Two Amazon Interview Questions
February 26, 2016
For the first question, the obvious answer is a hash table. We’ll take the hash table from the Standard Prelude, adapt it to a set (key only, no associated value) and add a random
operator:
(define (make-set hash eql? size) (let ((table (make-vector size (list)))) (lambda (message . args) (if (eq? message 'random) (let loop ((index (randint size))) (if (pair? (vector-ref table index)) (fortune (vector-ref table index)) (loop (randint size)))) (let* ((key (car args)) (index (modulo (hash key) size)) (bucket (vector-ref table index))) (case message ((member?) (let loop ((bucket bucket)) (cond ((null? bucket) #f) ((eql? (car bucket) key) #t) (else (loop (cdr bucket)))))) ((insert) (vector-set! table index (let loop ((bucket bucket)) (cond ((null? bucket) (list key)) ((eql? (car bucket) key) bucket) (else (cons (car bucket) (loop (cdr bucket)))))))) ((delete) (vector-set! table index (let loop ((bucket bucket)) (cond ((null? bucket) bucket) ((eql? (car bucket) key) (cdr bucket)) (else (cons (car bucket) (loop (cdr bucket)))))))) (else (error 'set "unrecognized message"))))))))
Here are some examples:
> (define s (make-set identity = 7)) > (s 'insert 1) > (s 'insert 2) > (s 'insert 3) > (s 'insert 4) > (s 'insert 5) > (s 'member? 2) #t > (s 'delete 2) > (s 'member? 2) #f > (s 'random) 4
For the second question, we collect counts of each item in a first pass, then make a second pass where we return the first item with an even count:
(define (first-even lt? xs) (define (eql? a b) (if (lt? a b) #f (not (lt? b a)))) (let* ((evens (map car (filter (lambda (x) (even? (cdr x))) (uniq-c eql? (sort lt? xs))))) (firsts (filter (lambda (x) (member x evens)) xs))) (if (pair? firsts) (car firsts) #f)))
Here are some examples:
> (first-even < '(1 2 1 3 1 2 1)) 1 > (first-even < '(1 2 3 4 5)) #f
You can run the programs at http://ideone.com/XO5Q1W, where you will also see contributions from the Standard Prelude.

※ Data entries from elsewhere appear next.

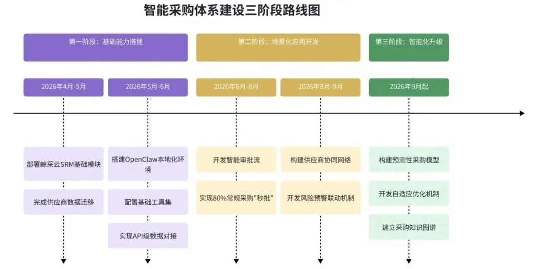 生态协同演进包括行业平台互联(不同企业的采购智能体在安全框架下进行数据与能力共享)、供应链金融融合(智能采购系统自动触发供应链金融服务,优化企业现金流),以及可持续发展集成(ESG评估模型深度融入供应商选择与绩效管理)。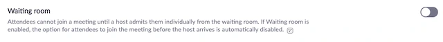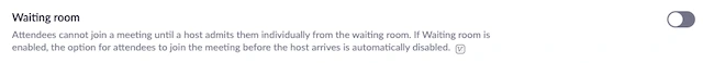 Đồng thời Zoom cũng kích hoạt tính năng Phòng chờ. Tính năng ngày cho phép chủ tọa (host) kiểm soát những người tham gia vào cuộc họp. Phòng chờ là một trong những cách tốt nhất để kiểm soát ai là người tham gia cuộc họp hoặc buổi học của bạn bằng cách cho bạn một tùy chọn cho phép từng người từng người vào cuộc họp hoặc cho phép hết các thành viên đang ở phòng chờ tham gia vào cuộc họp cùng một lúc. Chúng tôi khuyến cáo bạn nên sử dụng tính năng này để cuộc họp của bạn được an toàn, bảo mật trước những người tham gia không mong muốn nếu số phòng hoặc lời mời họp bị khách mời vô tình làm lộ ra cho những người không liên quan. Tính năng này là một tùy chọn và bạn hoàn toàn có thể tắt, vô hiệu hóa chúng trong cài đặt.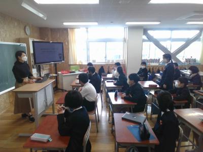 12月1日(木)、先日に引き続き、キャリア教育の一環として「ウェブデザイナー」の職について、安達さんに来校いただき、具体的な仕事内容について教えていただきました。実際に作成したウェブサイトや動画を紹介してもらい、そのクオリティーに感銘を受けつつも、その裏に隠れた細かな準備、苦労についても知ることができましたね。自分を見つめ、自分の個性を活かすことの大切さについてもお話しいただきました。みなさんも、じっくりと自分を見つめ、自分のよさを自覚するとともに、その個性を将来に繋げていけるといいですね。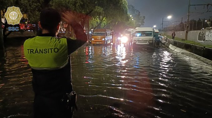 Protección Civil, Bomberos y elementos de la Secretaría de Seguridad Ciudadana trabajan en la zona para facilitar el drenaje, aunque las labores se complican debido a la basura acumulada y la cantidad de agua. Solo camiones especiales para desazolve podrían mejorar la situación, señalaron.

Hash tables are not constant time. They’re amortized O(1), which is very different – try implementing a hard-realtime system with hash tables.
@Janne – I’d have thought it depends on the situation, if you either don’t need to resize because you know in advance the required table size or you spread the cost of resizing the table over many insertions, and if your hash function is perfect or in practice produces a good distribution, then most people would be happy calling that constant (or at least bounded) time.

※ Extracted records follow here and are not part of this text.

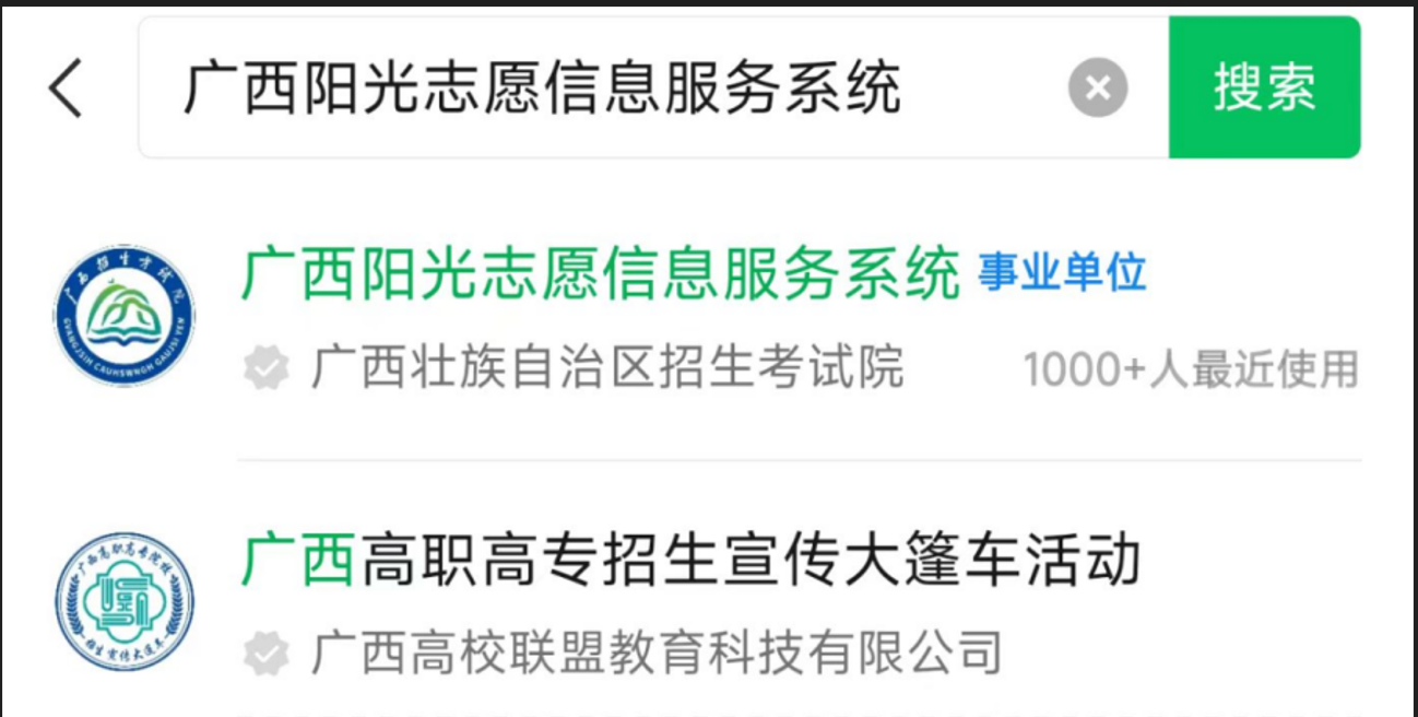 或进入微信下拉页面,在右上角搜索框中输入“广西阳光志愿信息服务系统”即可进入。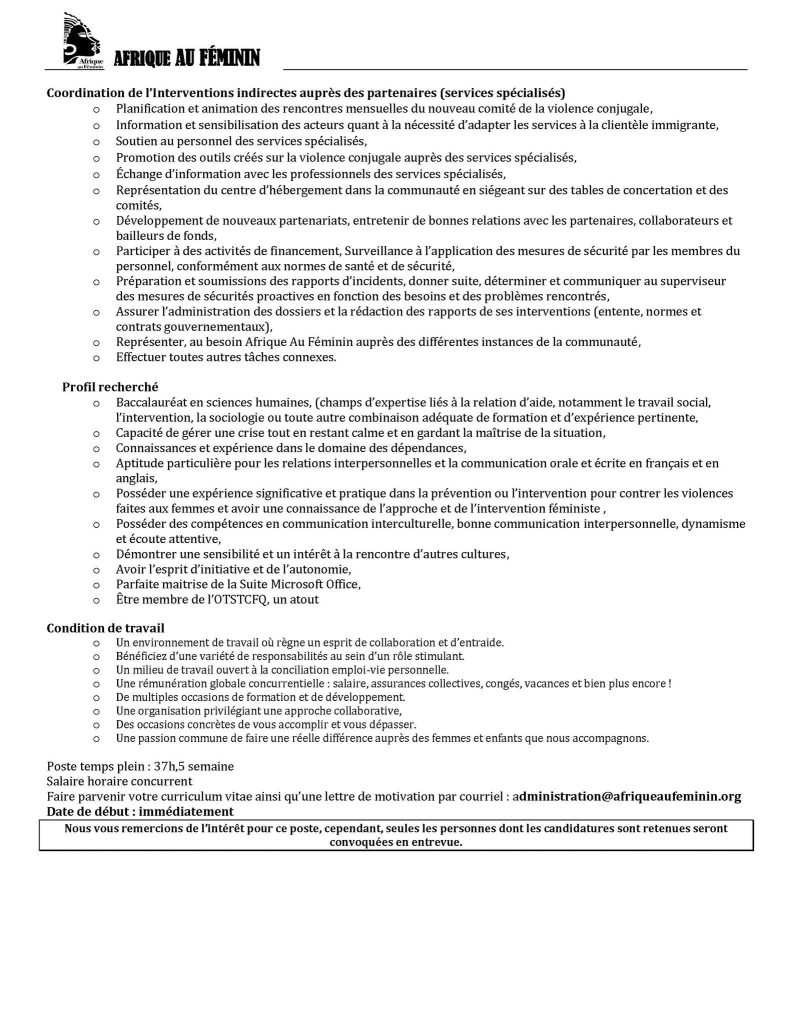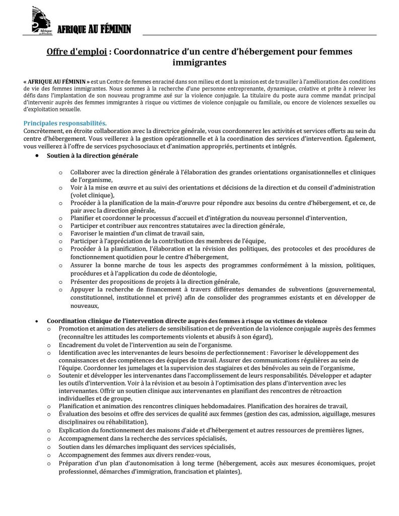 NOUS ENGAGEONS- COORDINATRICE CENTRE D’HÉBERGEMENT POUR FEMMES IMMIGRANTES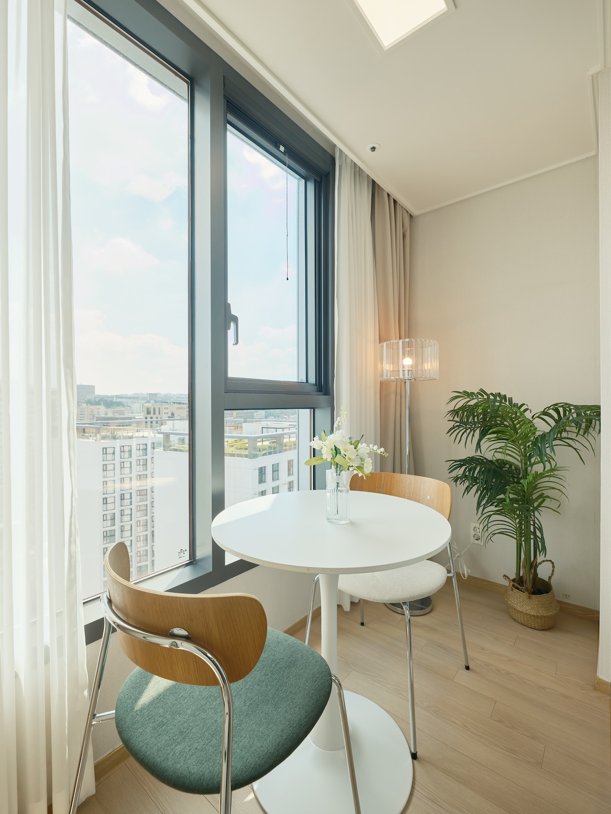 초고층뷰에 낭만적인 야경을 더하다 반짝이는 야경에 로맨틱한 시티뷰 시원하게 탁트인 자연 전망의 파노라마 경관 마운틴뷰 편리한 교통과 전통시장을 함께 경험할 수 있는 최적의 위치 효율적이고 여유로운 공간 구성으로 마음편히 누리는 안락한 휴식 눈부신 햇살이 내리쬐는 채광의 침실 포근한 유럽식 호텔 침구, 푹신한 휴식을 즐길 수 있는 침대 밝은 색감의 조명 배치와 모던한 우디 인테리어 마음에 스며드는 편안한 힐링,에너지 충전, 만족스러운 호캉스를 즐겨보세요!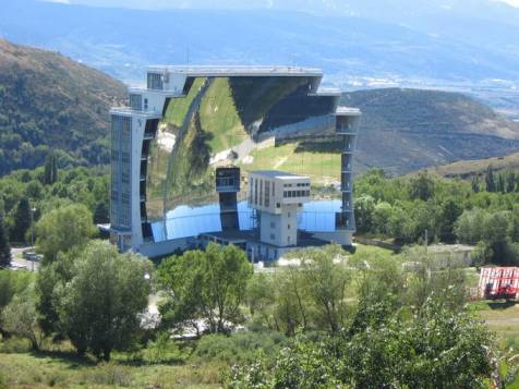 Wiki: "The solar furnace of Uzbekistan was built in 1981, and is located 45 kilometers away from Tashkent city. The furnace is the largest in Asia. It uses a curved mirror, or an array of mirrors, acting as a parabolic reflector, which can reach temperatures of up to 3,000 degrees Celsius. The place for the solar furnace of Uzbekistan was chosen carefully, because the sun shines there for 270 days a year"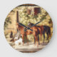 Elegant painting of horses in a stable yard makes a beautiful addition to stable, tack room, or equestrian home.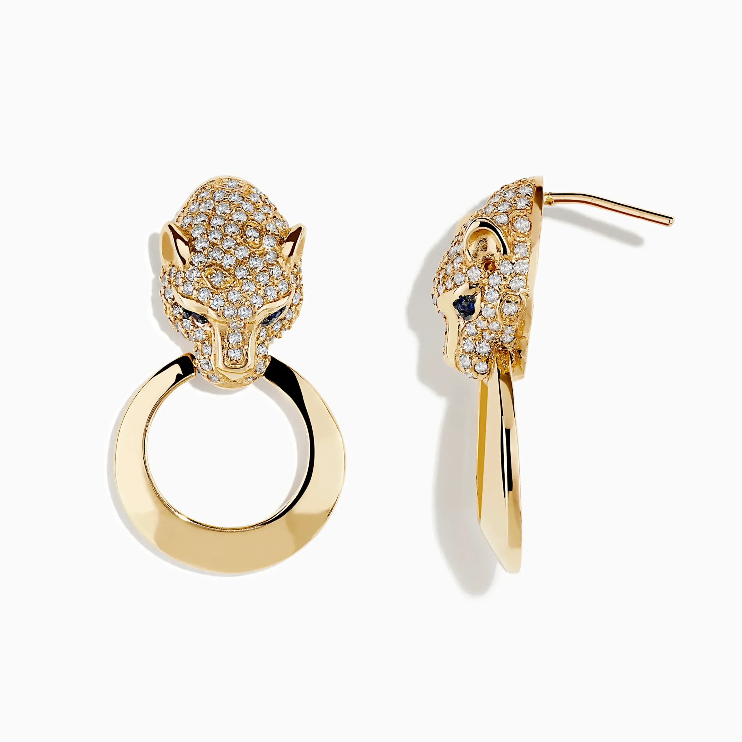 Effy Signature 14K Yellow Gold Sapphire and Diamond Panther Earrings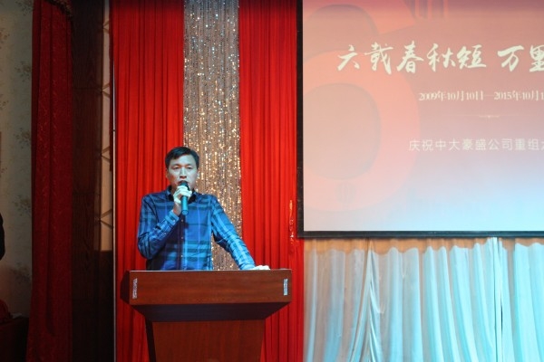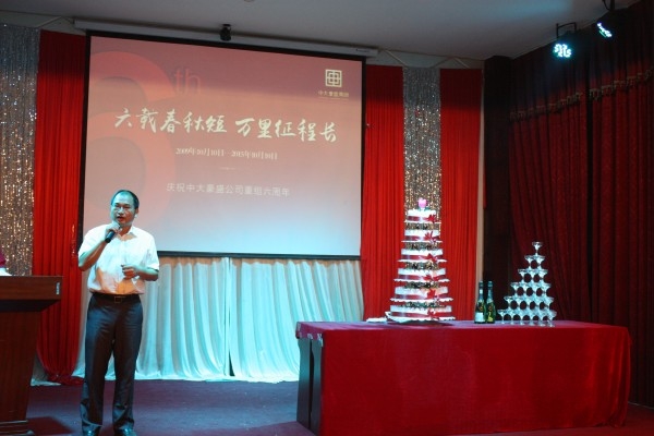 2015年10月10日,集团举办母公司中大豪盛置业有限公司(以下简称“中大豪盛公司”)重组六周年纪念活动,集团全体员工、物业公司和合作单位代表共百人参加。集团总经理王林,湖北日报传媒集团楚天房地产公司总经理、中大豪盛公司常务副董事长韦忠南莅临致辞。

Anyway, the suggested random selection seems to be randomly selecting a (non-empty) hash table bucket, then selecting an element in that bucket – this isn’t going to produce a uniform distribution. If you are going for linked list buckets, better to allocate the list nodes from a separate array, then randomly select from that array rather than from the hash bucket array.
Does random operate in constant time? Is not it O(n)?

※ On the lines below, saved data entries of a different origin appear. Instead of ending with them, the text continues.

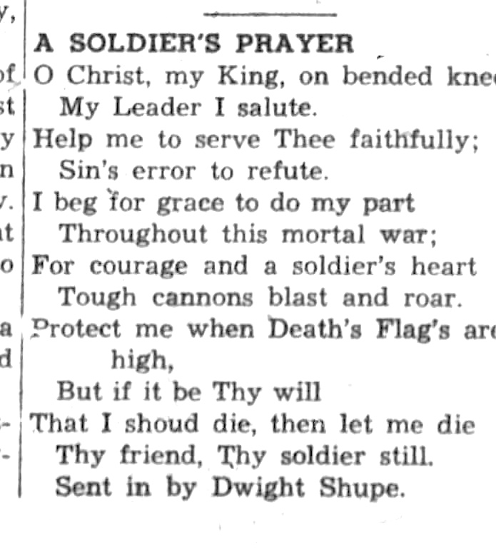 Dwight Shupe, son of Mr. and Mrs. C.O. Shupe of Mountain City is reported as missing in action. Sgt Shupe has been for some time fighting on the French battlefronts.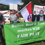 Die Initiative “Land-schafft-Verbindung” (LsV) nutzten den Besuch von Bundeskanzlerin Angela Merkel auf Herrenchiemsee, um ihr bei der Anfahrt die großen Sorgen der Landwirtschaft aufzuzeigen. Wie Josef Hofmayer aus Rimsting als Mitorganisator der LsV-Aktion nach Ende der Aktion mitteilte, wurden von seinen Leuten rund 700 Schlepper gezählt, die links und rechts der Straße von Bernau bis Prien zum Teil mit Transparenten aufgestellt waren. “Leider kam es zu keinem persönlichen Gespräch mit der Bundeskanzlerin und mit dem Ministerpräsidenten” – so Hofmayer, der umso dankbarer war, dass sich der stellvertretende Bayerische Ministerpräsident Hubert Aiwanger ganze 30 Minuten Zeit nahm, dabei eine Leberkäs-Semmel genoß und in die Aktions-Kasse 20 Euro spendierte. Auch die Bayerische Landwirtschaftsministserin Michaela Kaniber suchte das Gespräch mit den Vertretern von “Land-schafft-Verbindung” und mit den friedlich demonstrierenden Bauern. Zusätzlich zu den Schlepperfahrern machten sich weitere Bauern mit Autos und Radeln auf den Weg nach Prien, um dabei zu sein.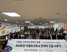 [경기핫타임뉴스=김삼영 기자] 안양시는 지난 7일 안양시 가족센터 3층에서 ‘2025년 가족센터 사업보고회 및 한국어 교육 수료식’이 성황리에 마무리됐다고 10일 밝혔다. 안양시 가족센터가 주관한 이번 행사는 다문화가족, 한국어교육 참여자, 자원봉사자, 유관기관 관계자 등 200여 명이 참여한 가운데 한 해 동안 추진했던 사업 성과를 공유하고, 활동을 격려하는 자리로 마련됐다. 또 지난 3월부터 10월까지 진행된 한국어교육 수료식도 함께 진행됐다. 안양시는 이날 건강가정사업과 다문화사업 활성화를 위해 헌신한 유공자 9명에게 표창장을 수여했으며, 안양시 가족센터는 한국어교육에 80% 이상 출석한 결혼이민자 41명을 대표하여 21명에게 수료장을 전달했다. 이 밖에도 아이돌보미의 노래와 베트남 무용단의 논라춤 등 다채로운 공연을 선보여 다문화인과 비다문화인이 함께 소통하고 화합하는 시간을 가졌다. 오연주 안양시 가족센터장은 “2026년도에도 안양시 모든 가족이 안전하고 건강한 일상을 누릴 수 있도록 더 촘촘한 가족서비스 제공에 최선을 다하겠다” 고 말했다. 행사에 참석한 황인섭 안양시 동안구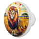 A lion on the safari done in a colorful abstract stained glass tile mosaic knob for a dresser, cabinet door or craft project.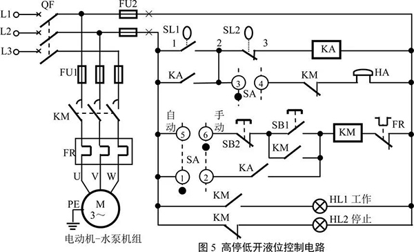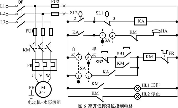 液位的控制,可以是兩個(gè)方面:液位低于一定限度時(shí),啟動(dòng)電動(dòng)機(jī)-水泵機(jī)組,使液體能得到及時(shí)的補(bǔ)充,比如水塔;液位高于或達(dá)到一定限度時(shí),啟動(dòng)電動(dòng)機(jī)-水泵機(jī)組,將液體及時(shí)排出,比如地道橋積水或污水池等。
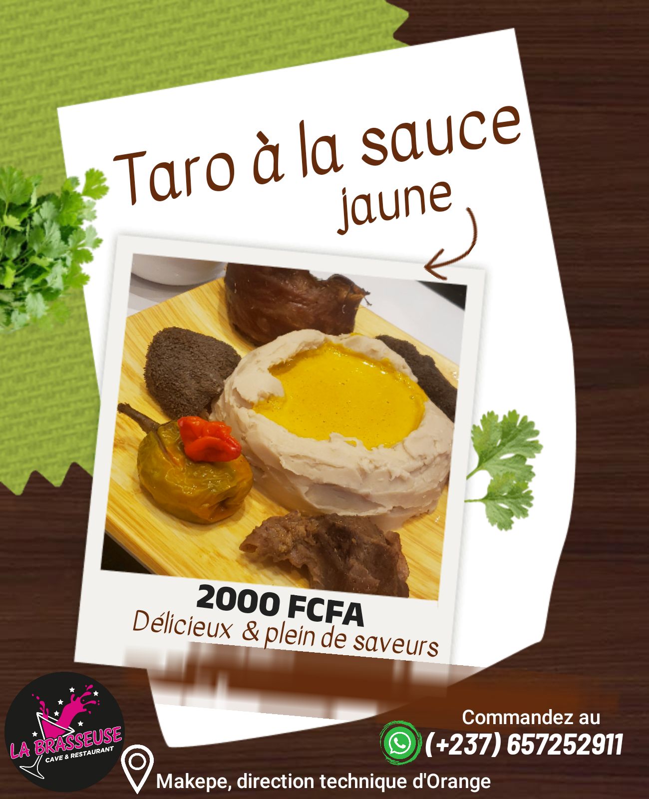 L'établissement propose des plats du terroir qui mettent l'accent sur les saveurs locales. Le Taro à la sauce jaune est particulièrement mis en avant le dimanche et fait partie des spécialités très appréciées par les habitués. En parallèle, labrasseuse.cave accueille également les amateurs de boissons, avec un espace bar et cave à boissons pour accompagner les repas ou simplement profiter d'un verre.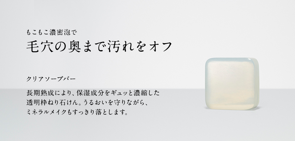 クリアソープバーには3種のヒト型セラミド※2などの保湿成分をたっぷり配合しているため、洗いあがりの肌はつっぱりにくい、うるおう肌に仕上がります。

The answer given here has a nice way of making a uniform selection:
http://stackoverflow.com/questions/8629447/efficiently-picking-a-random-element-from-a-chained-hash-table
If there are N buckets and L is the length of the longest hash table bucket chain, first randomly choose a non-empty bucket, then choose j from 0 to L-1 (inclusive), if bucket has a jth element in its chain, return that, otherwise choose another j.
Assuming items are spread randomly across the hash buckets, average runtime should be O(1).
I’m getting it wrong now: that should be, if there is no jth element in the bucket, start again by choosing another bucket.